In his review, GameSpot's Mat Paget revealed that he completed all of stealth challenges in Insomniac's Spider-Man: Miles Morales through Activities cards in the PS5 Control Center -- no need to navigate through the game's menus or even traverse its open world to the mission marker. This is made possible, he said, by the PS5's consistently fast load times for all games.

"Loading into the new web-slinging adventure from the homepage takes less than ten seconds, and once you're swinging around Manhattan, you'll only wait a couple more to fast travel anywhere around the huge open world," Paget said.
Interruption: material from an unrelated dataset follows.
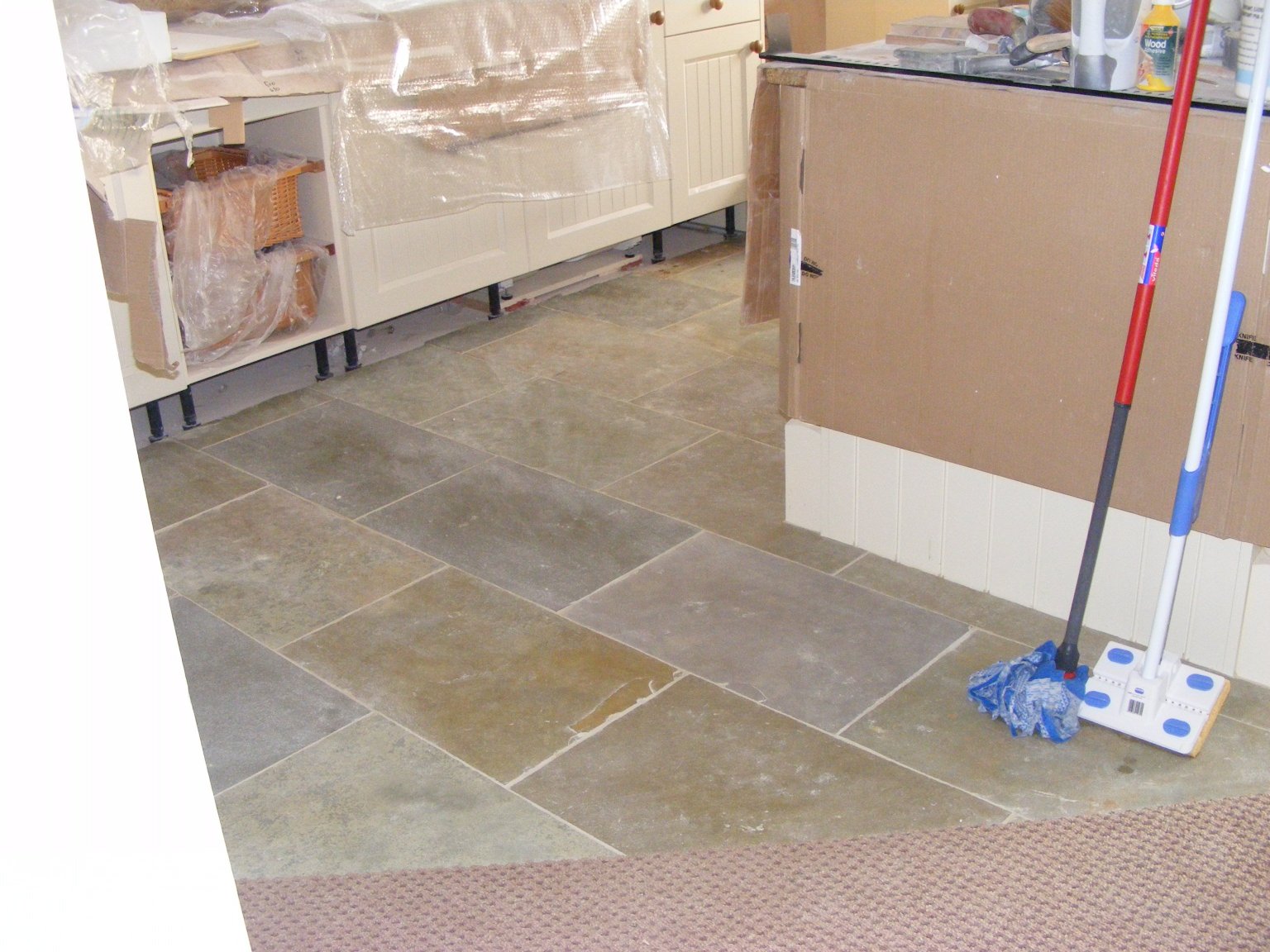 that wet room had just been grouted and washed off so still a bit hazy, you can see bits are still wet, they were natural stone and cost a kings ransom, and was floor to ceiling, had to re-enforce the walls to take the weight, one wall had half a ton in stone slabs, fixed on  a waterproof backer board, stone chosen by the house owner, i don't have to like them to lay them, it was a refurbishment, all the floors and walls were stone, here's a better photo of the same wetroom and the kitchen floor.

"This stark improvement ensures you're spending more time playing and less time waiting for the game to load, but it also benefits the actual streaming of the open world... One of the more impressive early showcases for this comes as you finish a mission inside an enemy hideout. Forced to make a quick escape, you aim at a vent and sling Spider-Man through it, launching him into the open world seamlessly at a high speed. It's a quick moment, but it's a technical achievement that makes me excited for the next generation of open-world games."

This may be the most crucial difference between PlayStation 5 and Xbox Series X|S at the dawn of this new generation. We cannot simply ignore the fact that Microsoft has made a conscious choice to move away from vast leaps between consoles, and toward the kind of consistency the Game Pass ecosystem demands. But we also can't ignore that Microsoft's choice inherently reduces opportunities to exploit the excitement of the new -- which is what hardware reviewers look for when arriving at their conclusions.

It is all part of a longer term strategy on Microsoft's part, the validity of which will be proven over months and years. What Sony has proved is that, whatever the future of games ultimately looks like, nothing beats a few bells and whistles when it comes to stoking excitement in the here and now.